Index Rebuild - If the index file becomes corrupt it may be easily rebuilt while the associated project is closed or Ghidra Server stopped to avoid file access during the repair process. While the filesystem is not active/in-use all of the index related files mentioned above may be manually deleted from the root of the appropriate filesystem storage directory (see Ghidra Project Storage and Ghidra Server Storage above). Once the filesystem store is started (e.g., project opened or Ghidra Server started) the missing index will trigger an automatic rebuild of the index based upon the details provided by each property file contained within (*.prp).

Locating Project File Storage - Locating individual project files on disk requires interpretation of the index file (~index.dat) and traversing the numbered storage folders appropriately. When locating a project file within the index it is important to know both the full Ghidra project directory path and project filename. If the project filename is unique you can simply search for the filename within the index, otherwise you will have to search for project folder path first. Sample ~index.dat file:

	
VERSION=1
/
  00000003:myFile:a701ee4b1c71321380792951888
/A
  00000100:anotherFile:a701ee4920f909328022843906
  00000105:yetAnotherFile:a701ee48743913628104779815
/A/B
  00001234:myFile:a701ee48019210920546276045
  00001200:myFile.1:a701ee48491297248400412904
/A/B/C
  00000004:someFile:a701ee4a23590324427866017
NEXT-ID:1250
MD5:d41d8cd98f00b204e9800998ecf8427e
		

Once the project file of interest has been located within the index file and the corresponding 8-digit hex file number identified, the storage subfolder name is derived from the 2nd and 3rd digits of the file number. Example file number "00001234" will be contained with the subfolder "12". Within this subfolder the "00001234.prp" file should exist as will all other numbered files which have the same 2nd/3rd digits. The storage hierarchy for the above index file would have the following hierarchy:

./~index.dat
./00/
	00000003.prp
	~00000003.db/
	00000004.prp
	~00000004.db/
./01/
	00000100.prp
	~00000100.db/
	00000105.prp
	~00000105.db/
./12/
	00001200.prp
	~00001200.db/
	00001234.prp      <-- /A/B/myFile property file
	~00001234.db/     <-- /A/B/myFile database directory
		

Mangled Filesystem (legacy)

This filesystem utilizes mangled naming for all project folders and files and follows the same hierarchy as the project. For example, a project file with the path "/A_1/B_1/myFile" would be found stored as "./_a__1/_b__1/my_file.prp" and "./_a__1/_b__1/~my_file.db/". Due to file path-length limitations of native filesystems the use of this storage scheme is no longer used by default and has been retained only for backward compatibility with older projects and repositories.

Removal of Corrupt Files

If a project or Ghidra Server repository contains a corrupt file it may not be possible to remove the file via the Ghidra GUI or API. While a detailed triage of a corrupt file may be possible by the Ghidra Development Team, such files may need to be removed after being copied for triage. For a shared repository this will require stopping the Ghidra Server and digging into the appropriate named repository directory. For a local project simply ensure that the project is not in use.

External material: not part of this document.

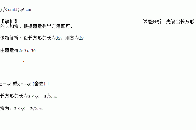 已知长方形的长与宽为比3:2,面积为36cm,求长方形的长与宽.(结果保留根号)

For the local project case it will be neccessary to isolate the storage issue since it could be caused by the local project store (*.rep/idata/) or versioned repository (Ghidra Server or private non-shared (*.rep/versioned/). The Ghidra Server case can easily be identified by creating another temporary shared project to the same shared repository and check the behavior of the project file in question. If the same behavior is observed the issue is likely on the server. If you need assistance identifying the source of the bad behavior or recommended resolution please submit a Ghidra trouble ticket.

As discussed for each filesystem above, the specific *.prp file and ~*.db/ directory should be identified and copied for triage. Keeping a copy will enable triage and may enable restoring the file in the future if possible. Once this file and corresponding directory have been copied they may be removed from the filesystem. For the indexed filesystem case the index related files can be deleted which will trigger a rebuild of the index (see Indexed Filesystem above).